The search works by starting at the highest level and moving down as needed:
- Start at the highest level (e.g., Level 3).
- Move right until the next node’s value is greater than or equal to the target.
- Move down a level if the next value is too large.
- Repeat this process at each level, moving right as far as possible, then down, until the target is found or confirmed absent.
Example: Searching for 15
- Start at node 1 on Level 3, drop down since 20 > 15.
- On Level 2, move from 1 to 7, then drop down again.
- On Level 1, move to 15 and stop.
This approach gives an average O(log n) time complexity by efficiently skipping unnecessary nodes.
The skip list is a series of linked lists with additional pointers to intermediate nodes, allowing for efficient traversal and search operations.

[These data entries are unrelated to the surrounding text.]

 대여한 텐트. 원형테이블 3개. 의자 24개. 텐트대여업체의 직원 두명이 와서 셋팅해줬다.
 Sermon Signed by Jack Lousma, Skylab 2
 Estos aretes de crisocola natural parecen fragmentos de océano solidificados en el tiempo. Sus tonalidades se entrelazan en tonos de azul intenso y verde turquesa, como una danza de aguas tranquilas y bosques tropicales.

To get the leaderboard, i.e. get the top N
users, we can go down to the level 0 and find the last element in the list, and then perform a backward iteration to get the top N
users (the linked lists in a skip list are doubly linked).
In Redis, this is implemented as ZSET
. We use ZADD
to add a user and its score, and use ZRANGE
to get the top N
users.
Leaderboard Example
Here's a simple example:
ZADD leaderboard 100 user1 ZADD leaderboard 200 user2 ZADD leaderboard 300 user3 ZREVRANGE leaderboard 0 1 # returns the top 2 users
How to handle a large number of contestants submitting solutions at the same time?

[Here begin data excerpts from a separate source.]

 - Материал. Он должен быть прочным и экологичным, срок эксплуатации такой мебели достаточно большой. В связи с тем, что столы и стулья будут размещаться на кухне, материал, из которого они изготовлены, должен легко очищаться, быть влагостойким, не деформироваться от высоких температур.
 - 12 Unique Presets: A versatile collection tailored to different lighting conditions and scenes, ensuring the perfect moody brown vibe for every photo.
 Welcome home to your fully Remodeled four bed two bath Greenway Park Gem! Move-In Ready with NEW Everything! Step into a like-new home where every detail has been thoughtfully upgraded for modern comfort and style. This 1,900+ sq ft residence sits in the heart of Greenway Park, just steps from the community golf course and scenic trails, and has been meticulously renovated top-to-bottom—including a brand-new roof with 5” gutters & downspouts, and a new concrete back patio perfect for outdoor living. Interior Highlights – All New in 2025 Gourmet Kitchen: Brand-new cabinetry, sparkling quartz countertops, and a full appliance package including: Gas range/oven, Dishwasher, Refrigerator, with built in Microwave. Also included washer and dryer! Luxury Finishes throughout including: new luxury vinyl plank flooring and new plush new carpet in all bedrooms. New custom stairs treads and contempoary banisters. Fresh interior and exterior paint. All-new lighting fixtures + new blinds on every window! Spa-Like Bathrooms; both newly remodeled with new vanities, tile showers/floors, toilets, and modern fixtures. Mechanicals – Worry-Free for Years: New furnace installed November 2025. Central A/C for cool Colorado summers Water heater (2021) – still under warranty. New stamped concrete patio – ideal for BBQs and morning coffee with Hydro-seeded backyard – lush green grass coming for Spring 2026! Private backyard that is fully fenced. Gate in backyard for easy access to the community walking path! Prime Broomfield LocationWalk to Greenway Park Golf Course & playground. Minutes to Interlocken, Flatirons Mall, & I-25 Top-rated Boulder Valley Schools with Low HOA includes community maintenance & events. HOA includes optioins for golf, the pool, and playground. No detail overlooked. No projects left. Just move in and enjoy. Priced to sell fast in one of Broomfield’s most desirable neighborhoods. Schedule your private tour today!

Handling a large number of contestants submitting solutions simultaneously presents several challenges, particularly during peak times like the beginning and end of a contest. We can address this using a two-phase processing approach combined with other strategies:
-
Message Queue: Use a message queue to decouple the submission process from the execution process. This allows us to buffer submissions during peak times and process them as resources become available.
-
Pre-scaling: Since auto-scaling may not be fast enough to handle sudden spikes, pre-scale the execution servers before the contest starts. This is especially important for the first and last 10 minutes of a contest when submission rates are typically highest.
-
Two-Phase Processing:
- Phase 1 (During Contest): Implement partial evaluation
- Run submissions against only about 10% of the test cases.
- Provide a partial standing for users, giving them immediate feedback.
- Phase 2 (Post-Contest): Complete full evaluation
- After the contest deadline, run the submissions on the remaining test cases.
- Determine the official results based on full evaluation.
- Phase 1 (During Contest): Implement partial evaluation
This two-phase approach:
- Reduces the load on the system during the contest.
- Allows for more accurate final results.
- Is similar to the approach used by platforms like Codeforces for large contests.
-
Efficient Resource Allocation: Optimize resource allocation by scaling down during less active periods of the contest and scaling up for the final rush.
-
Prioritization: Implement a prioritization system in the message queue to ensure that at least one submission from each user is processed quickly, providing everyone with some feedback.
-
User Communication: Clearly communicate to users that their submissions are being partially evaluated during the contest and that final results will be available after full evaluation post-contest.
This approach, centered around the two-phase processing technique, balances immediate feedback for users with efficient resource utilization. While it means that final results won't be available immediately after the contest ends, it allows for handling a much larger number of concurrent submissions with existing resources. The trade-off between real-time complete results and system scalability is often necessary for large-scale coding competitions.